I have created a new datatype called BigCharacter (the source of which is linked for your convenience) that I hope will address some of the shortcomings of the LONGCHAR datatype. Even though it will not be quite a “drop-in” replacement since Progress doesn’t allow operator overloading and there is no garbage collection (well, not in 10.1C anyway), I hope it can still be considered a useful alternative for some cases.

Here is the same test from above, instead performed using BigCharacter:

DEF VAR objbc AS BigCharacter NO-UNDO.
DEF VAR i     AS INT          NO-UNDO.

objbc = NEW BigCharacter().
DO i=1 TO 1000000:
  objbc:append(STRING(i)).
  IF i MOD 100 EQ 0 THEN
    STATUS DEFAULT STRING(i).
END.

FINALLY:
  IF VALID-OBJECT(objbc) THEN
    DELETE OBJECT objbc NO-ERROR.
END.

On my system, this test finished in under two minutes!
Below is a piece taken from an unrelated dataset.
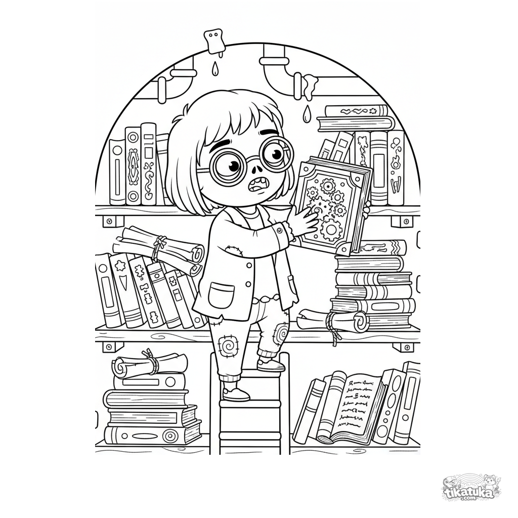 Детальная раскраска для детей 10-12 лет: зомби-библиотекарь упорядочивает книги в подземном архиве, устроенном в канализационном коллекторе. Много элементов, стиль книжной иллюстрации.

BigCharacter’s speed advantage in the above test is due to its strict use of primitive CHARACTER variables at its core, which do not suffer from the performance penalty of CHARACTER-to-LONGCHAR append operations referenced above. All dynamic allocation of CHARACTER data is handled by the class structure without the user having to know the details.

Caveats

This code is definitely a work-in-progress and there are a few kinks I have yet to work out… I might end up gutting most of the internals and changing how things work completely. However, I have tried to structure the BigCharacter public method signatures in a way so that future improvements should be backwards-compatible with any code that uses the current version (no re-compile required). Here are some known and theoretical issues:

  • My original, naïve implementation was only a single class which basically wrapped CHARACTER variables in a temp-table. Unfortunately, this caused errors that prompted me to increase my session -s parameter (the stack space ceiling). This has since been corrected with a new design.
  • My current implementation is basically a wrapper around the original naïve implementation, which can essentially be thought of as a master temp-table of CHARACTER temp-tables. Unfortunately, for relatively large amounts of data, it prompts the user to increase the session -l parameter. After reading Progress Knowledgebase #P116899, I think this might have to do with leaving a lot of CharBlock ttChar buffers open. A quick fix might be to RELEASE these buffers when I am done with them.
  • Writing to a file/disk is much slower than LONGCHAR for relatively large amounts of data. My guess is that the temp-tables are being paged to disk without me knowing it, and when I am trying to write their values out to file I have to re-read them in to memory before writing them back out to disk again. Since I can’t really control how temp-tables are stored internally, the only way to get around this is to stop using temp-tables all together. I would like to explore using work-tables or indeterminate arrays as an alternative; the big advantage of these are that they should stay strictly in-memory.
  • Progress’s hard limit of 32,000 indexes per session. Since each CharBlock (and BigCharacter) needs its own temp-table, this imposes a limit on the maximum size and number of BigCharacters in a session. Like the above issue, the only way to really get around this is to get rid of the usage of temp-tables internally in the classes.